The company will sell bonds under its $1 billion medium-term note program and seek new loans offshore to help fund equipment leasing to the education sector, Chief Executive Officer Kong Fanxing said in an interview. Income from education more than doubled in 2011 to $103 million and made up about 14 percent of business at Far East Horizon, China’s largest non-bank financial leasing firm by asset value, he said.
“Diversity in our debt portfolio is key and we aim to always have a mix of onshore and offshore loans and bonds, including some Dim Sum loans,” Kong said, referring to yuan-denominated borrowings in Hong Kong. “Last year we lowered our funding cost by increasing cheaper overseas borrowings.”
A rising middle class in the world’s most populous nation is increasing demand for better quality education. Under a 10-year national education plan through to 2020, China is targeting an increase in the senior high school enrollment rate to 90 percent, and the higher education enrollment rate to 40 percent. Some 6.8 million college students will graduate in China this summer, according to Ministry of Education estimates.

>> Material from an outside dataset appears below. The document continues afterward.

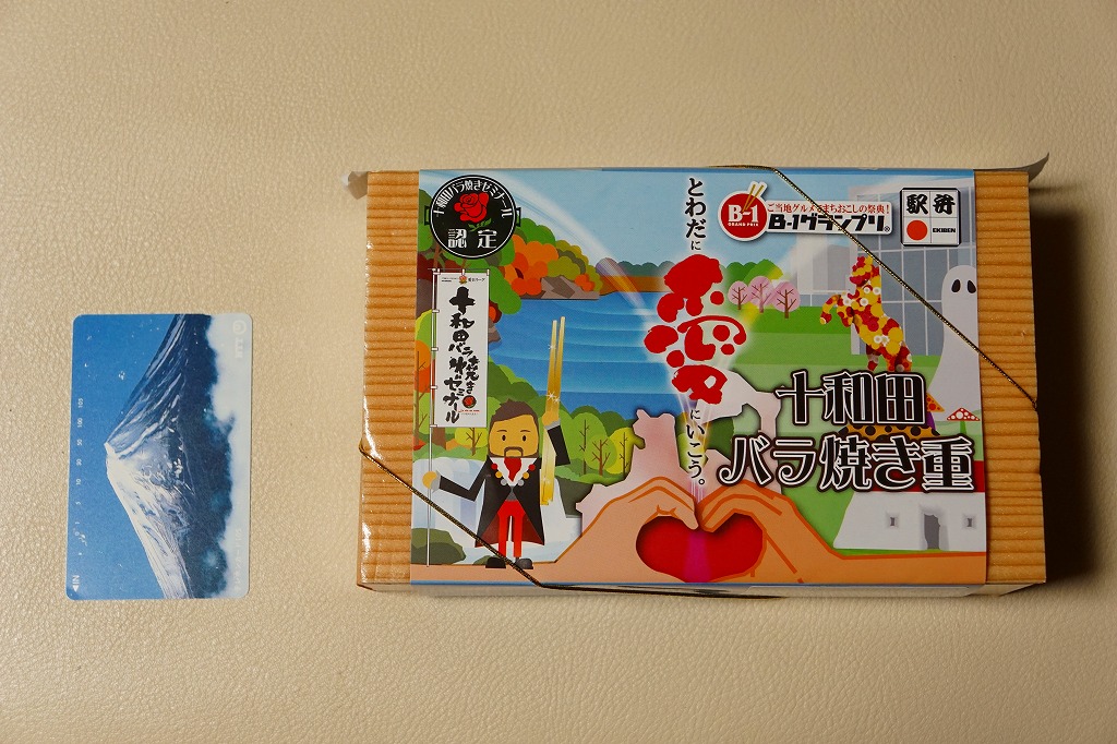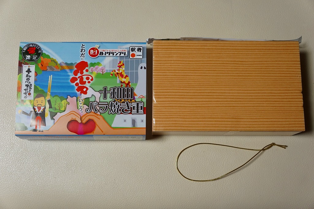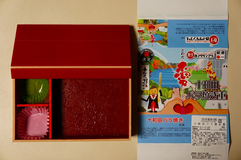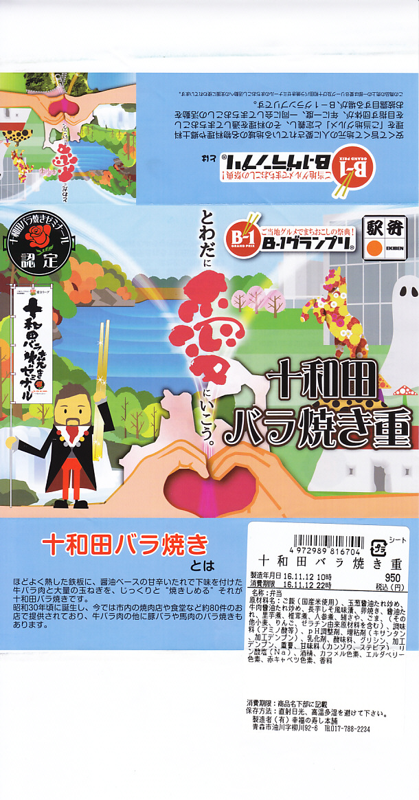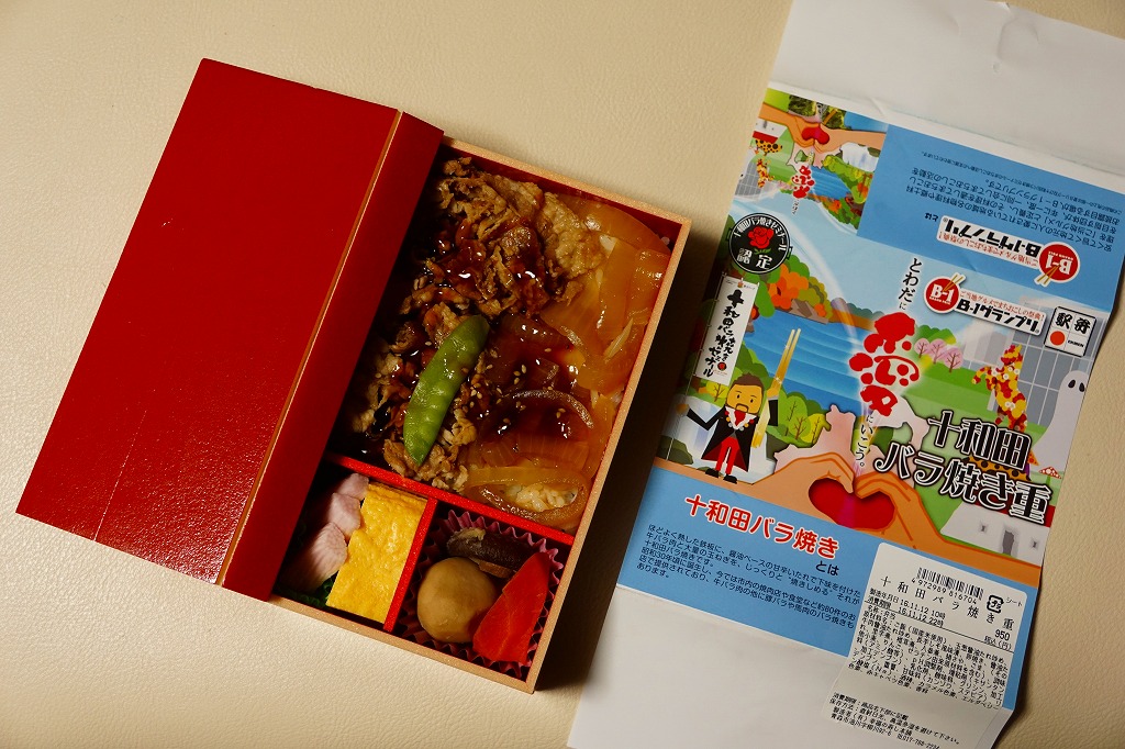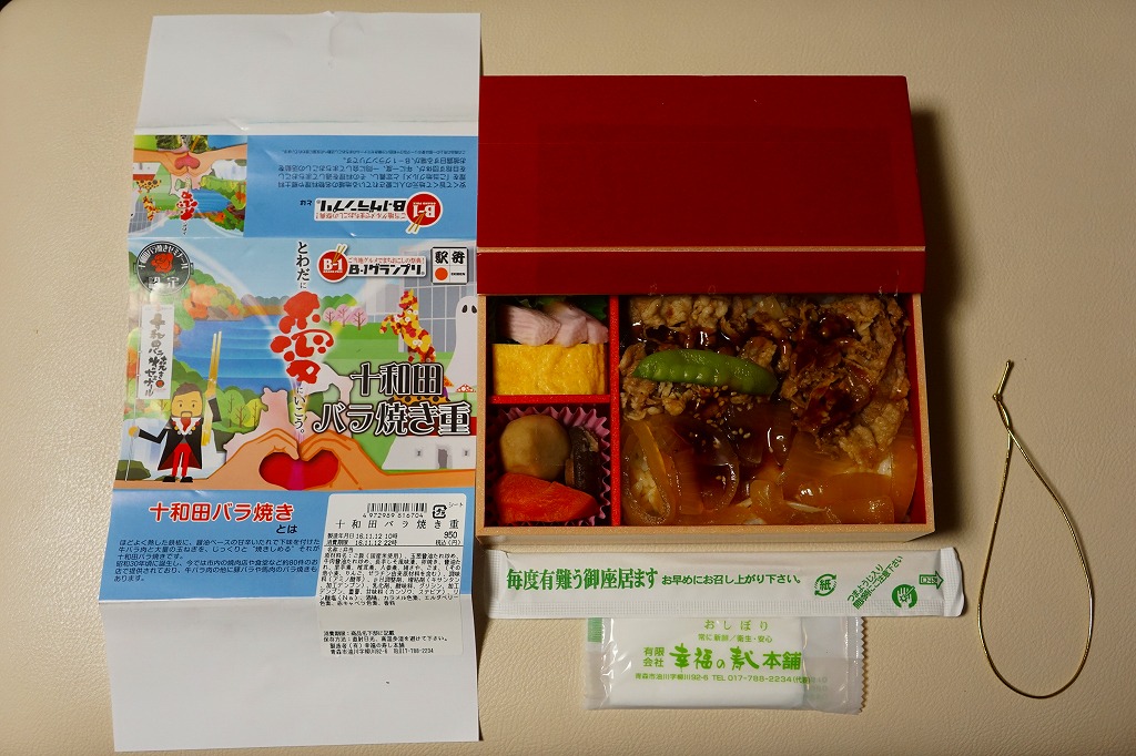 2013(平成25)年11月11日に新青森、八戸、盛岡の各駅と東北新幹線車内で発売。掛紙で読めるとおり、「B−1グランプリ」にエントリーされた青森県内の炒め物「十和田バラ焼き」の駅弁。ふたを外すのでなくめくる構造の容器を使用、中身は白御飯を牛肉炒めとタマネギ炒めで覆い、タレときぬさやで彩り、煮物、玉子焼、ナガイモを添えるもの。量も質もそんなにあるわけでない牛肉に、タレとタマネギを合わせると、なんかうまい感じ。どこかの淋しいブランド牛駅弁より満足できる。価格は2013年の発売時で900円、2016年の購入時で950円、2019年時点で1,000円、2020年時点で1,080円、2022年3月から1,200円、2024年11月から1,500円。

Far East Horizon signed a $200 million facility in May with its first borrowing in Taiwan’s syndicated loan market, according to Kong. “The conclusion of this agreement is a successful case whereby a company affiliated with a Chinese state-owned enterprise has sought syndicated financing from banks in Taiwan,” he said.
That loan pays a margin of 320 basis points more than the London interbank offered rate, according to data compiled by Bloomberg. Far East Horizon agreed to pay 110 percent of the People’s Bank of China rate for a 550 million yuan ($86.6 million) three-year loan signed in March. The PBOC’s best lending rate for one- to three-year money is 6.4 percent.
Far East Horizon plans to issue more bonds this year “at the right time” under its medium-term note program established in April, Kong said. The program is led by Citigroup Inc. and HSBC Holdings Plc, according to an April 5 company statement.
The company will also seek loans in Hong Kong and Taiwan, while considering a debut in the U.S debt markets, he said.
About 16 percent of Far East Horizon’s current financing, excluding a share placement earlier this year, comes from sources offshore, Kong said. The company has the equivalent of $1.24 billion in bonds and loans maturing by the end of 2016, according to data compiled by Bloomberg.
“Our top focus is on Asia,” Kong said. “But the U.S. is one of the biggest capital markets in the world and you can’t escape that.”